>>>
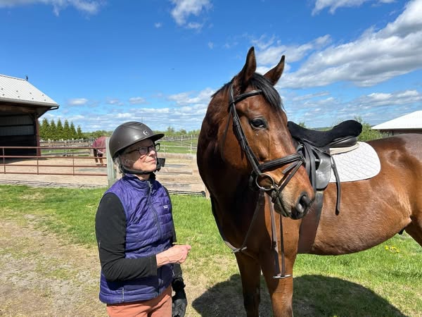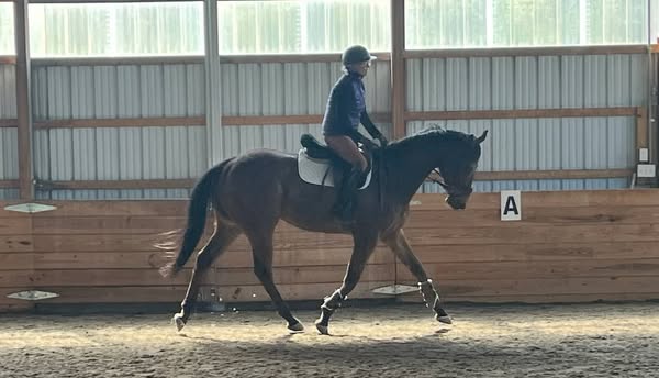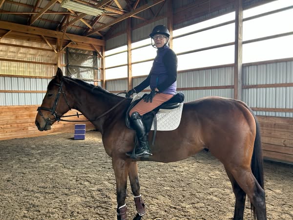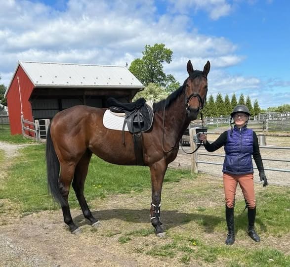 Congratulations to this perfect pair! Kathy took one look at Different Flame in the field and seemed to see all his potential instantly while looking for her next forever horse to continue competing jumpers with. Sometimes horses have a way of inadvertently showing off their hidden talent. While still at the farm Flame’s paddock pals had been adopted and had left him the place to himself. He quickly showed his disapproval of a new buddy and his hidden talent by jumping out of the paddock, clearing a 4 1/2 gate with ease! After that he did find a more suitable buddy until Kathy made her decision at which time we shared the story. I believe her response was “I knew it”. Can’t wait to see this team develop that talent!
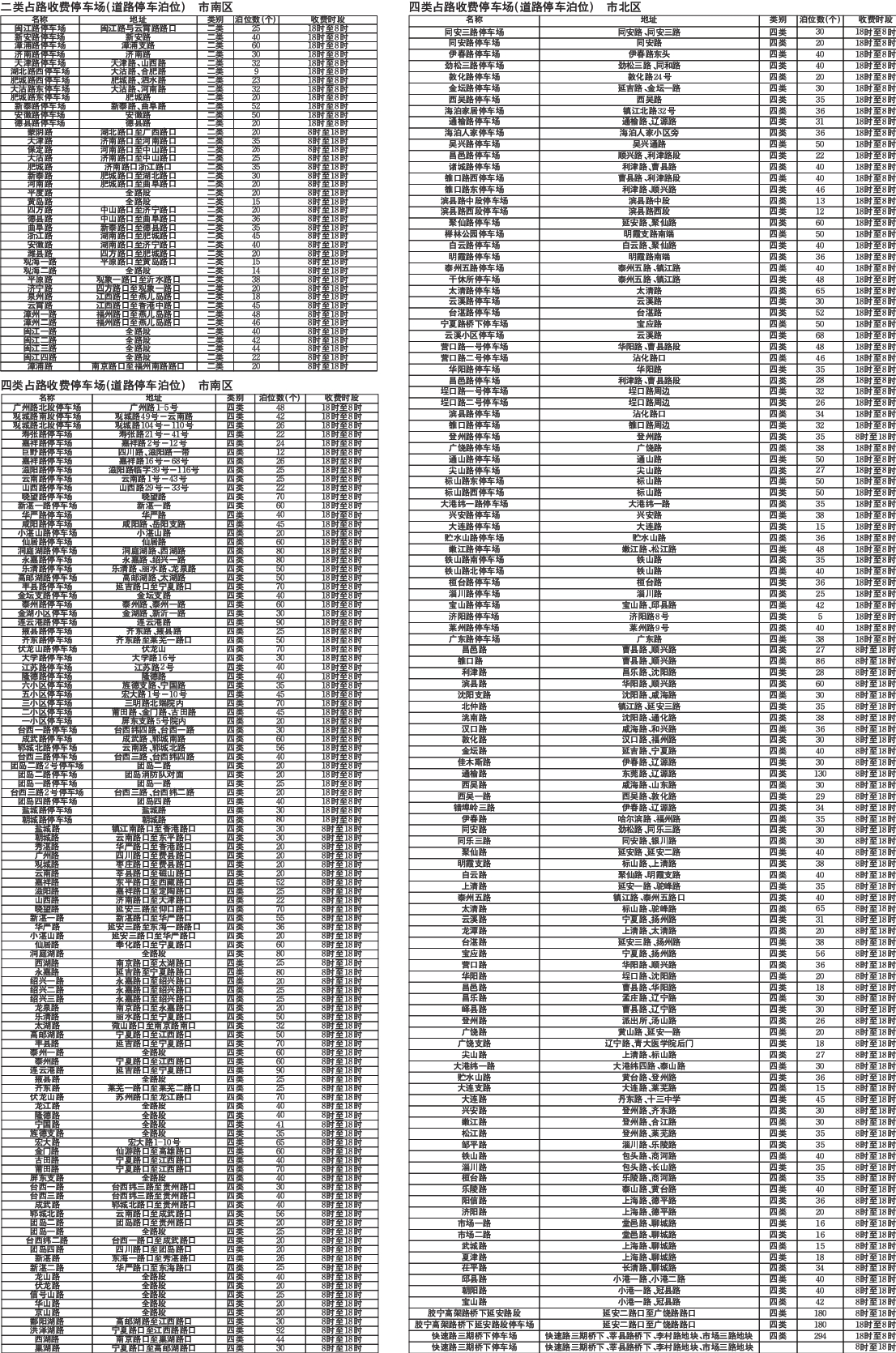 占路收費(fèi)停車場(chǎng)(道路停車泊位)收費(fèi)標(biāo)準(zhǔn)(三)
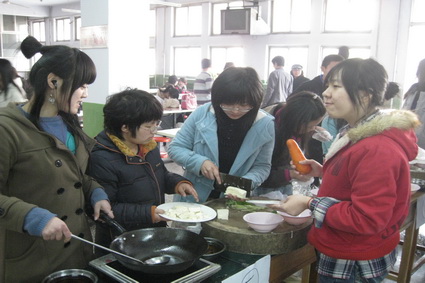 3月7日下午1:30,文法学院团委主办的女生节系列活动之“厨艺大赛”在东校区第一食堂一楼举行。 比赛持续了两个多小时,40多支参赛队各显身手,各队队员之间配合默契,一道道佳肴陆续展现在评委与观众面前。最终07级政治学2班的土豆队以色香味俱全的“四季飘香”夺得了厨神称号,“美味童话”等10个团队分别夺得一二三等奖,最佳创意奖,最佳厨艺奖,最佳团队奖,最佳特色风味奖等奖项。 本次活动充分展示了文法学院女生的厨艺,培养了学生的团队合作精神及动手能力,激发学生的想象力,展示了当代大学生的青春风采。
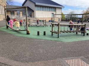 This morning was gym. We had ring games followed by time on the Trim Trail in the playground. We had fun exploring the new equipment and investigating all the different areas of the playground.
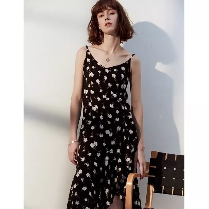 3、黑白碎花吊带裙。可以外面套针织开衫、西装什么的。还可以内搭修身的T恤、高领针织衫。可以说能通穿四季。静电可以喷去静电喷雾。
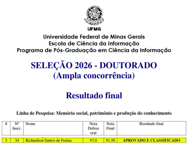 Aprovado no processo seletivo do Doutorado em Ciência da Informação da UFMG – 2026
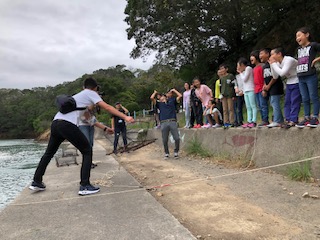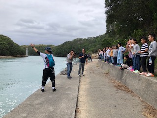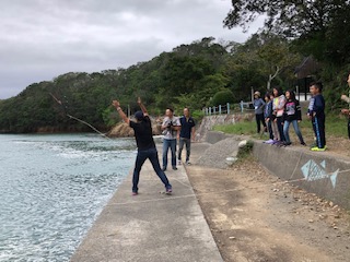 深谷水道のところで、エサを入れたしかけ網を投げます。「タツノオトシゴ」「イセエビ」とグループでかかってほしい海の生き物を大きな声で言うと同時に先生が網を投げ入れます。明日、網を引き揚げます。かかっていますように!
<<<
Task item: Word for word and without pictures, restate only the lines running from the one that contains "3、黑白碎花吊带裙。可以外面" through the last line of the listing above.

Solution:
 3、黑白碎花吊带裙。可以外面套针织开衫、西装什么的。还可以内搭修身的T恤、高领针织衫。可以说能通穿四季。静电可以喷去静电喷雾。
 Aprovado no processo seletivo do Doutorado em Ciência da Informação da UFMG – 2026
 深谷水道のところで、エサを入れたしかけ網を投げます。「タツノオトシゴ」「イセエビ」とグループでかかってほしい海の生き物を大きな声で言うと同時に先生が網を投げ入れます。明日、網を引き揚げます。かかっていますように!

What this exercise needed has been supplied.